But these claims, too, are impossible to test. If, as Karl Popper has shown, the essence of a scientific statement is that it is capable of being falsified, then criticism is resolutely unscientific. And this means that it is also essentially unaccountable. As someone who spends many of his waking hours as a journalist demanding accountability of people who occupy positions of public power, I cannot be unaware of the irony of occupying a position of minor but essentially unaccountable power myself. If a politician accused of bad faith were to say: ‘Trust me’, I would be the first to attack. Yet when my correspondent accuses me of bad faith, what can I reply? ‘Trust me, I did my best to enjoy your play’.
The truth is that the word that rings out like a knell in the first and last sentences of my correspondent’s letter – wrong – is simply misplaced. There is of course a simple sense in which a critic can be wrong – one of my predecessors at In Dublin who reviewed Hamlet under the impression that Gertrude is the prince’s aunt, for example, was clearly wrong. Reviews which refer to Richard Brinsley Sheridan as a Restoration playwright are wrong. Calling Waiting for Godot a naturalistic play would be wrong. But ‘wrong’ in the sense that my correspondent means it – mistaking his wonderful play for a less-than-wonderful one – does not compute. Critics are honest or dishonest, not right or wrong.
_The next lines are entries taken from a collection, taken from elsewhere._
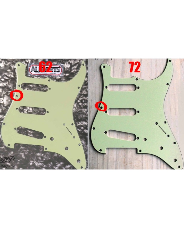 Strat®Pickguard SSS 3 ply 11 holes .090" (2,3mm) 62's Hole Patterns Common on Stratocaster L series unitil 1964 (Reissues or pickguard 60's - series: 60-64). Standard pickguard size type 62s with screw shifted to the left above the central pickup.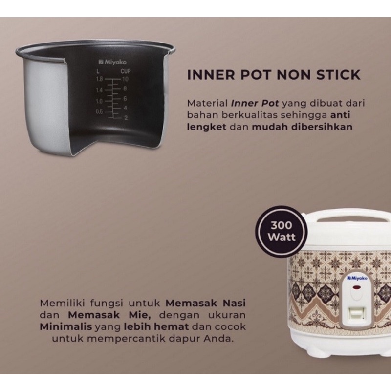 Fungsi Utama : - Memasak Nasi atau Mie - Kapasitas Nasi 0,63 L - Daya 300 Watt - Tegangan 220 VAC-50 Hz - Panci aluminium coating teflon ( anti lengket )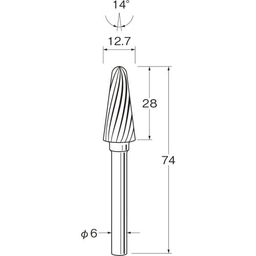 刃径(mm):12.7 | 刃長(mm):28 | 軸径(mm):6 | 全長(mm):74 | 最高使用回転数(rpm):15000 | オール超硬…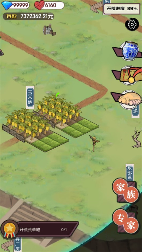 3、后院有一块荒地,可以修建一一个养猪场,去开荒看看吧;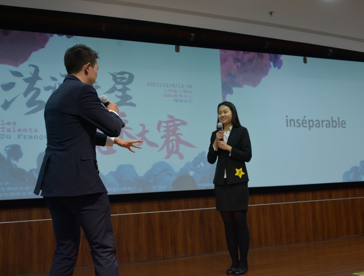 “法语之星”风采大赛是由上海外国语大学主办的大型校际法语比赛,今年首次面向全国,邀请实力最强的法语教学单位参赛。本次比赛的参赛选手分别来自上海外国语大学、南京大学、武汉大学、万象城网页版,万象城(中国)、华东师范大学、上海对外经贸大学和北京外国语大学共7所高校,除各有一名带队老师做评委外,加拿大驻上海总领事馆副领事兼商务专员高瑞莲女士和法国驻上海总领事馆文化教育合作处教育领事夏睿思博士也受邀担任大赛评委。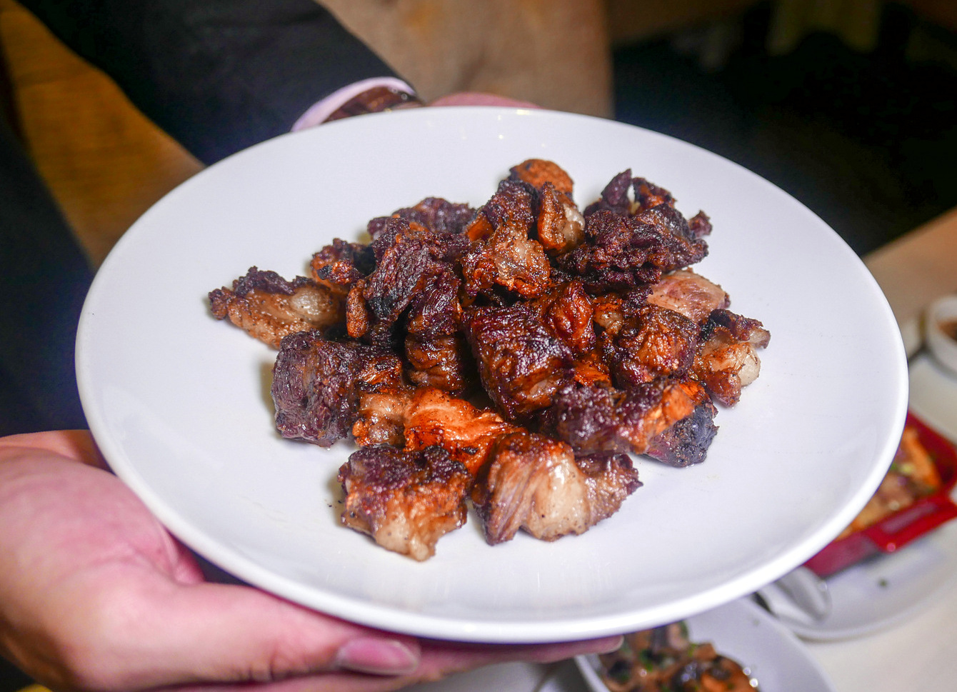 Each steak is typically served a choice of side dish & sauce; there are 12 possibilities among the former, with highlights like Alsace-style French fries topped with crispy beef, gruyere cheese & onions; lovely lovely tempura fries or onion rings; creamy spinach; green asparagus with butter; or wild mushroom ragout with garlic & parsley, plus 10 of the latter, including bearnaise, calamansi butter, tamarind-coriander butter, fresh horseradish cream, green peppercorn, red wine or lemon gremolata. For our Tomahawk, an additional surprise was a side plate of fried beef trimmings from the gigantic cut, a robust & smoky indulgence.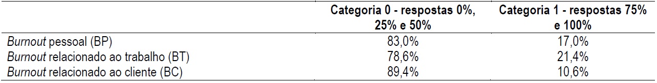 O CBI não define um ponto de corte, pois seus autores consideram que pode ocorrer Burnout em um nível muito alto até um nível muito baixo. Portanto, para fins de análise dos dados, neste estudo, considerou-se agrupar as categorias em categoria zero (0) para os itens relativos aos escores 0, 25 e 50% respectivamente, considerando esses os níveis mais baixos; e categoria um (1) para os itens relativos aos escores 75 e 100%, respectivamente, considerando esses os níveis mais altos.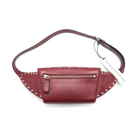 VALENTINO Rockstud Spike Quilted-leather Belt Bag Burgundy 95cm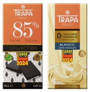 Pensando en todos los consumidores, Chocolates Trapa ofrece una amplia gama de bombones, turrones y tabletas de chocolate sin azúcar. Ha conseguido el sello Sabor del Año 2024 su tableta de chocolate blanco extrafino, un clásico de textura fundente y mucho sabor que se presenta libre de azúcares añadidos (90 g, PVP 1,65 euros).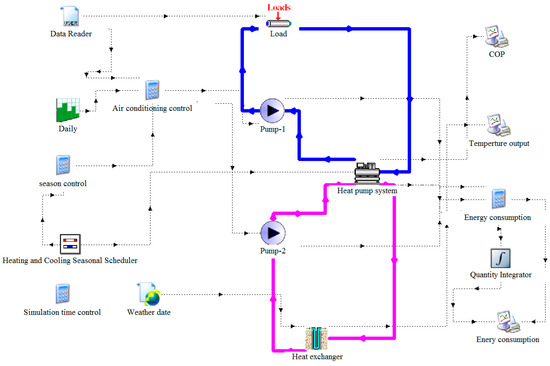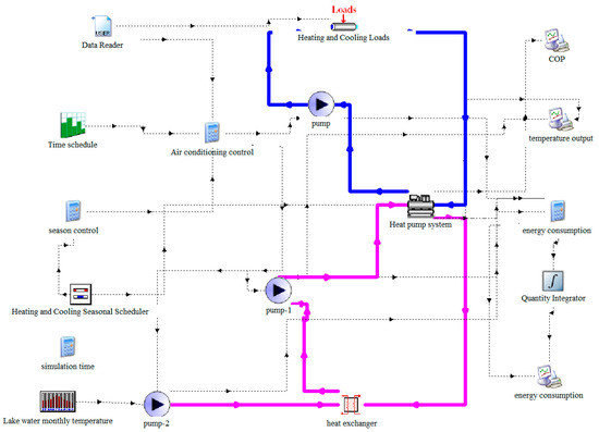 The monthly water temperature of the lake is imported to the simulation model by component Type 518 (Water Monthly Temperature). Component Type 682 (Load) represents the building’s heating and cooling load calculated for the system [36]; other necessary components for calculating, controlling, and processing data are created and connected in the WSHP simulation model.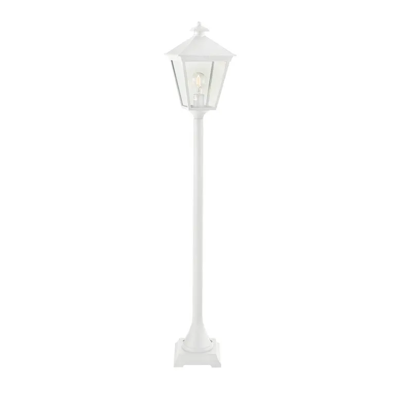 Pylväsvalaisin, jonka valaisin ja pylväs ovat valettua ja jauhemaalattua alumiinia. Polykarbonaattilasi. Valaisimessa on E27-kanta, IP54-luokitus ja teho 77W.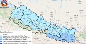 आज दैलेखमा सबैभन्दा धेरै १५ मिलिमिटर वर्षा भएको महाशाखाका वरिष्ठ मौसमविद् मीनकुमार अर्यालले जानकारी दिनुभयो। पश्चिमी भू–भागको तुलनामा पूर्वि पहाडी भू–भागमा कम वर्षा भएको छ।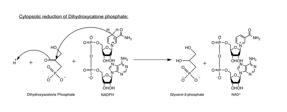 Cytosolic Glycerol-3-phosphate dehydrogenase (GPD1), is an NAD+-dependent enzyme[8] that reduces dihydroxyacetone phosphate to glycerol-3-phosphate. Simultaneously, NADH is oxidized to NAD+ in the following reaction: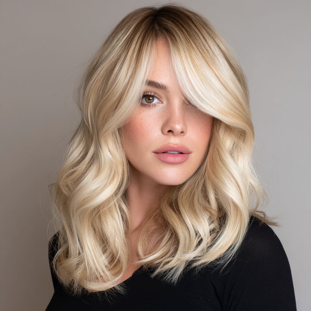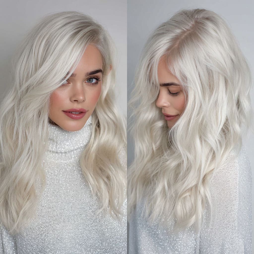 Nothing says winter wonderland quite like platinum blonde waves. The silvery tone sparkles against cozy sweaters and scarves, giving off major snow-queen vibes. Soft waves add dimension, making the color even more dazzling in the light.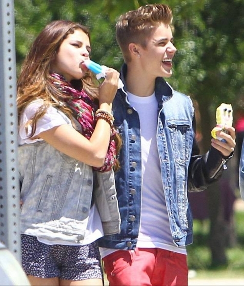 Джастин Бибер и Селена Гомес шли рука об руку в районе озера Бальбоа во второй половине дня. Молодые звезды посетили популярный ресторан мексиканской кухни Bronco Burrito, где после обеда, взяв холодный десерт в виде фруктового мороженного, с удовольствие его поглощали, выглядев при этом счастливыми и расслабленными.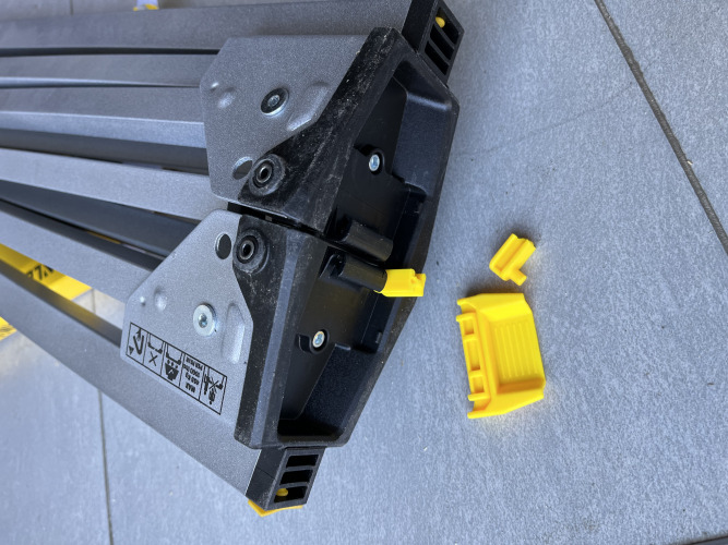 Kobyłki można spiąć razem i transportować jako parę, a metalowy pręt ułatwia mocowanie. Gumowa podkładka antypoślizgowa powoduje wytworzenie się tarcia na powierzchni podczas cięcia.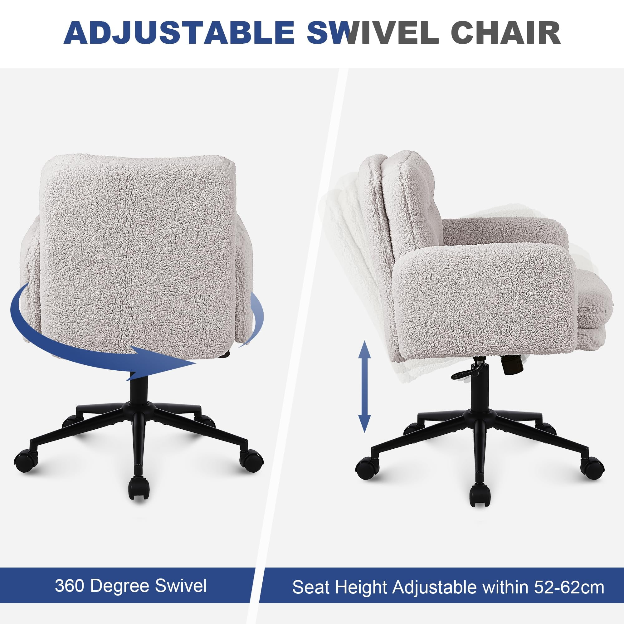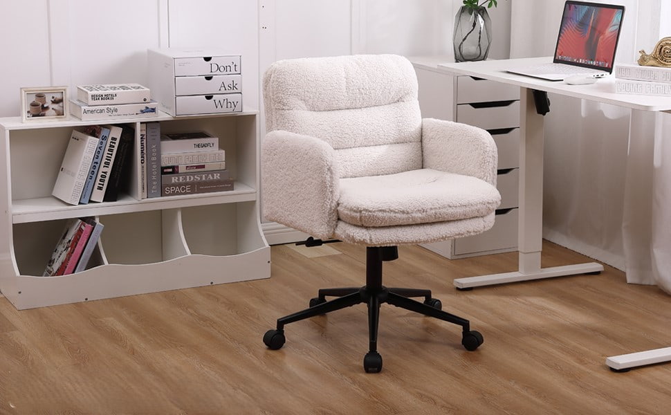 Sedia da ufficio regolabile in finto cashmere con funzione girevole e dondolo – Sedia da scrivania imbottita morbida per uso domestico e per il bagno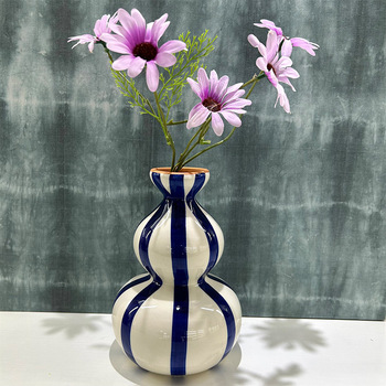 Nordic Moderne Kleine Kalebas Vaas Handgemaakte Blauwe Lijn Geschilderde Keramische Eenvoudige Huisdecoratie Glanzende Afwerking Bruiloft Hotels Vaas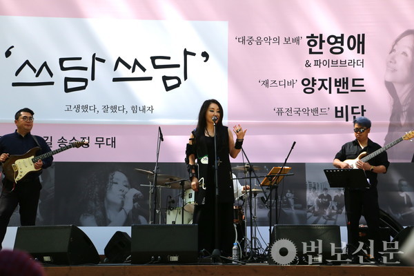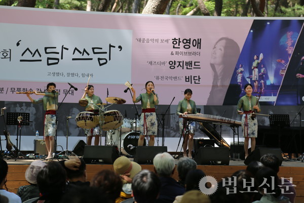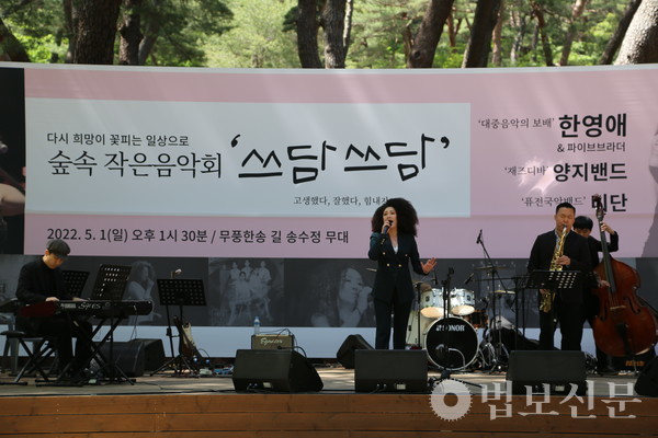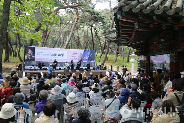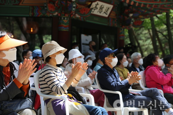 통도사(주지 현문 스님)는 5월1일 경내 무풍한송로 송수정 앞 무대에서 ‘통도사 숲속 작은 음악회 – 쓰담쓰담’을 개최했다. 공연이 진행될 송수정 앞 무대는 통도사의 도보 진입로인 무풍한송로 내 위치해 자연과 음악이 어우러지는 야외 공연의 명소로 각광을 받아온 곳이다. 특히 ‘코로나19 극복’을 넘어 ‘일상회복 발원’이라는 취지를 담아 그동안 중단됐던 ‘숲속 작은 음악회’의 재개를 알리는 공연으로 진행된 가운데 공연 시작 전 일찌감치 객석으로 마련된 좌석이 꽉 찼으며 많은 시민과 불자들이 서서 공연을 관람하는 등 호응을 얻었다.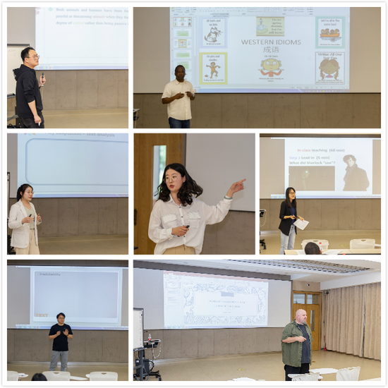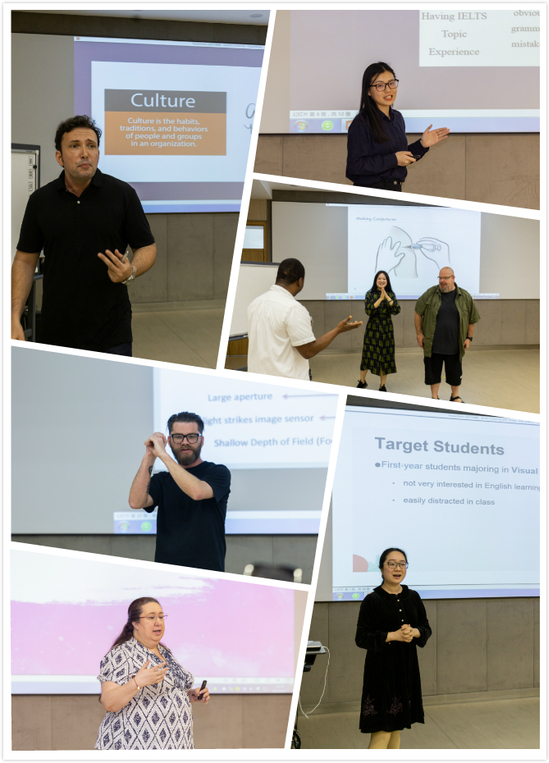 本次专题活动共有13位教师进行了现场教学展示,每位教师都各显其能,各展独技。结合学校目前实施的“线上线下混合式”教学模式,全体教师说课环节均展示了如何借助网络教育技术进行“课前-课中-课后”联动,教学设计完整。讲课环节中教教学中引入了国外先进的教学法,注重课堂互动与学习产出。比如,冯恬恬和王广华结合国外前沿教学理论分别将“6P”教学法和“TBL”(小组讨论教学法)引入课堂;赵旋通过别出心裁的互动游戏来凸显重点和难点。外教们课堂上更加富有活力和激情,能够抓住学生的注意力,Paul在课堂上慷慨激昂,Keegan在图片的选取和运用上技高一筹,Yolanda将学生作业与所学专业结合来激发学生的兴趣。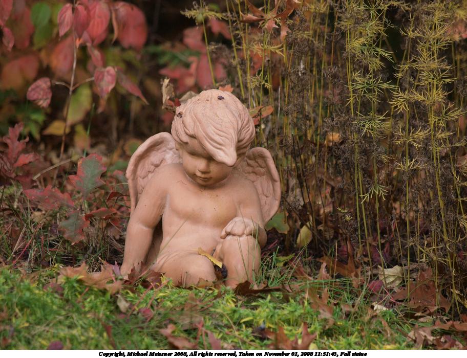 Picture #10: Fall statue #2 912x700, 137,639 bytes (135K), (html file) Copyright, Michael Meissner 2008, All rights reserved Olympus E-3 camera with Olympus 50-200mm f/2.8-3.5 lens f/3.5, ISO 160, 1/250 sec, 200.0mm, auto mode, natural color, auto gradation, matrix metering, IS1 (All Direction Shake IS) 35mm equivalent focal length 401.0mm Taken by Michael Meissner on November 01, 2008 11:51:43 Last modified on November 01, 2008 at 23:00 |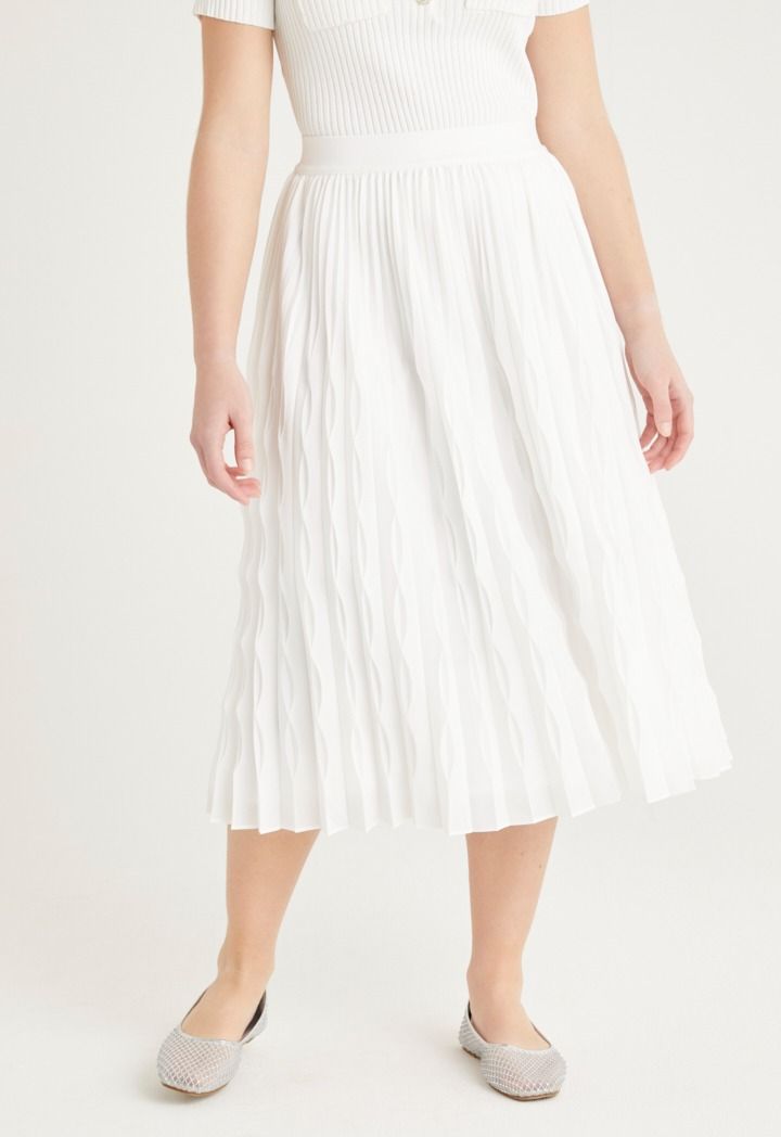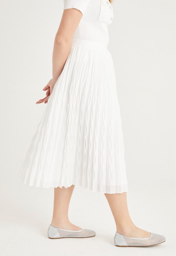 A solid skirt that features a pleated textured design with an attached inner lining.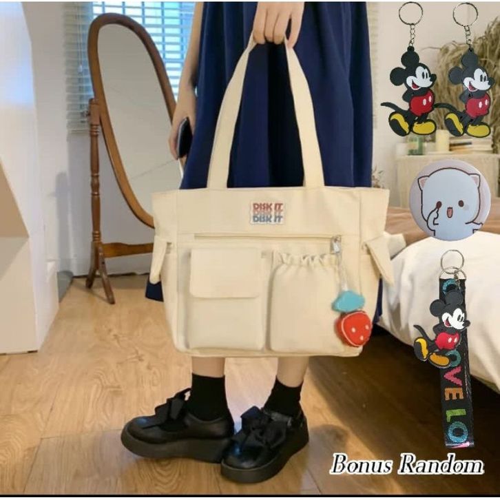GRATIS ONGKIR Tas Totebag Wanita Korean Style Bahan Kanvas Tas Selempang Slingbag Tote Bag Kuliah Kerja Terbaru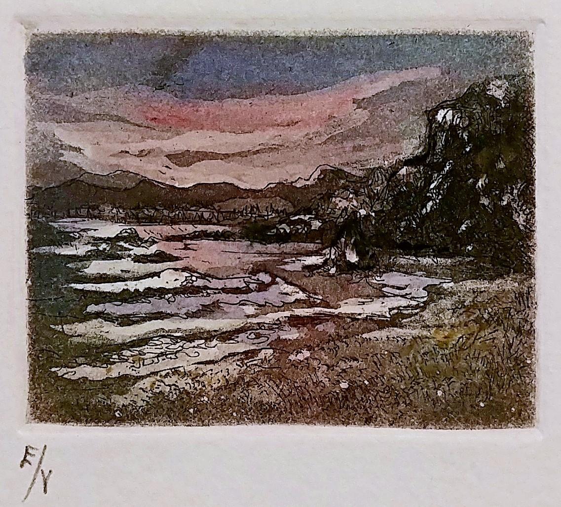 Pink, purple, gray colors of the ocean, shore and cliffs.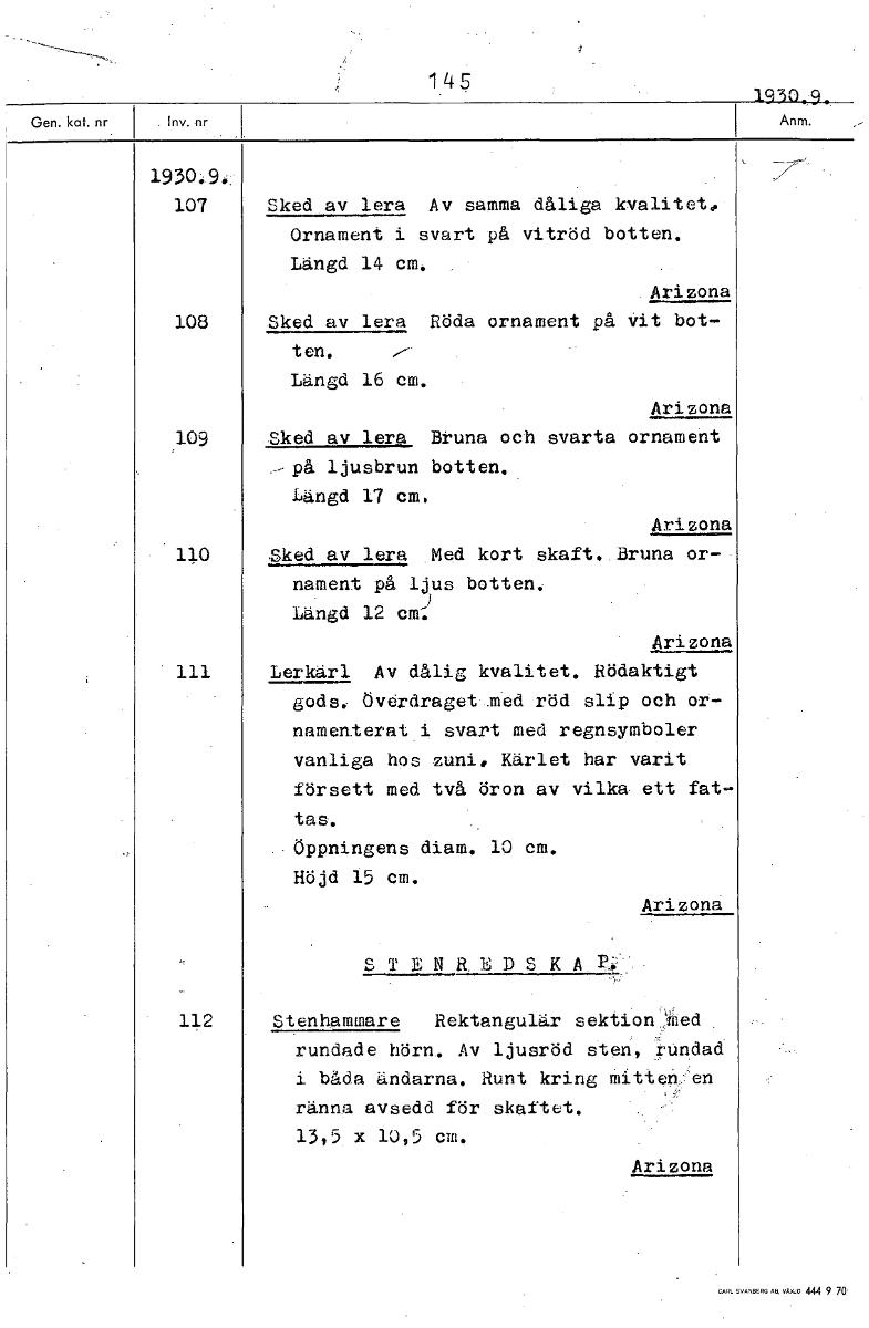 • 145 1930.9. 1930.9:: 107 Sked av lera Av samma dåliga kvalitet# Ornament i svart på vitröd botten. Längd 14 cm, Arizona 108 Sked av lera Röda ornament på vit bot- ten. --- Längd 16 cm. Arizona 109 Ske... Visa hela

They either express what they thought or felt or they distort it. And even if they distort it for nice reasons – they admire the playwright’s other work, they know how hard the cast has worked and how much a good review would mean to them, they want the theatre to do good business – they are liars.
No one in the theatre complains about these nice lies, of course. Given the capricious nature of the business and the often arbitrary nature of criticism, theatres can hardly be blamed for using quotes from critics they regard as fools or knaves to sell their shows. Theatre people are, besides, inured to the social necessities of their small world in which ‘You were marvellous, darling’ serves as the currency of mundane politeness in much the same way that ‘How are you?’ does among the civilians. But for those of us who do this unaccountable job, there is nothing to hold on to but honesty. Since no one can really check whether or not we are telling the truth about our reactions, the only handrail is the critic’s own integrity.
It seems to me that this is true even in the most extreme of cases. If we look back, for example, on the eighteenth century critics who thought that King Lear was unplayable as Shakespeare wrote it or that Ibsen was vile or, conversely, that Richard Cumberland was a theatrical genius, it seems easy to say that they were wrong. But this is to forget that they were not writing for us. Their reviews were not missives to posterity. They were telling their readers how it seemed to them in the here-and-now that they all occupied. And in fact the notion that the last act of King Lear is unstageable, which may seem almost incom-prehensible to us, has the integrity of its time and place. The fact that someone might genuinely have felt it is surely a powerful indication of a particular mentality. It still tells us something, not about Shakespeare but about the critics and about the culture in which their views did not seem absurd.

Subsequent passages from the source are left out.